Beautiful drive! But this might be a detractor actually. The beauty of nature and feeling grounded in the world can take you right out of self-pity and into gratitude. We don’t want that! At least not on these commutes home.
What doesn’t work:
Too dangerous!!! The aforementioned windy (ˈwīn-dē) roads that are not as well-lit and also much more narrow than other streets and freeways. I 100% do not recommend having tear-filled eyes or pretending you’re in a sad music video while on these streets. Full attention required!
Laurel Canyon Boulevard in 1923
6. The 110 Freeway (Arroyo Seco)
Specifically the bit that goes through Highland Park aka The Arroyo Seco Freeway
What works:
NOTHING ARE YOU INSANE.
What doesn’t work:
Everything!!! Merging onto the Arroyo Seco Freeway is not for the faint of the heart. And it’s also not for the strong of heart! Or the middle of heart! This is the FIRST FREEWAY IN THE US! That’s crazy and kind of cool, but it means it’s not designed for modern driving. It was constructed around cars and city populations from the 1930s. And has never(!) been updated to accommodate for faster cars and a much denser driving population. Every on ramp is a life or death situation. There are stop signs about 2 inches from where you’re supposed to merge. So you have to go from a FULL STOP to 55 mph in about .006 seconds. Idk about your cars, but that’s asking a lot of my 2016 Honda Civic. Can you imagine doing any of the while CRYING?? On top of that the freeway is windy (ˈwīn-dē) as hell but drivers still speed around every curve.
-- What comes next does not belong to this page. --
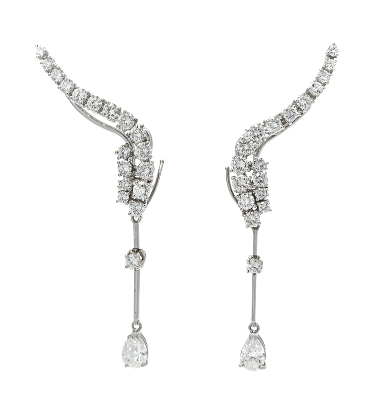 A Pair of 18 Karat White Gold and Diamond "Waterfall" Earclips, Stefan Hafner,

You need another reason not to cry while driving on the Arroyo Seco Freeway?!? Get help! Find a friend to trauma dump on or some other just as healthy strategy. DON’T DO IT.
An actual on-ramp for the Arroyo Seco Parkway
And there you have it, folks. The fully comprehensive guide of the best routes to take while crying on your drive home from a job you hate. I definitely covered every single freeway and big street. None were missed or skipped over. Did not stop at a list of only 6 because 1. I got tired and decided I wanted to be done writing this, 2. I ran out of jokes about streets and crying, and 3. I have no idea of people’s attention span on this platform and don’t want to overstay my welcome in your inboxes and brains.
Thanks for reading! It’s important to note that I’ve since left the entertainment industry and am much happier in my life. It’s just fun every once in a while to get bitter over people treating you like shit. Cathartic you may say.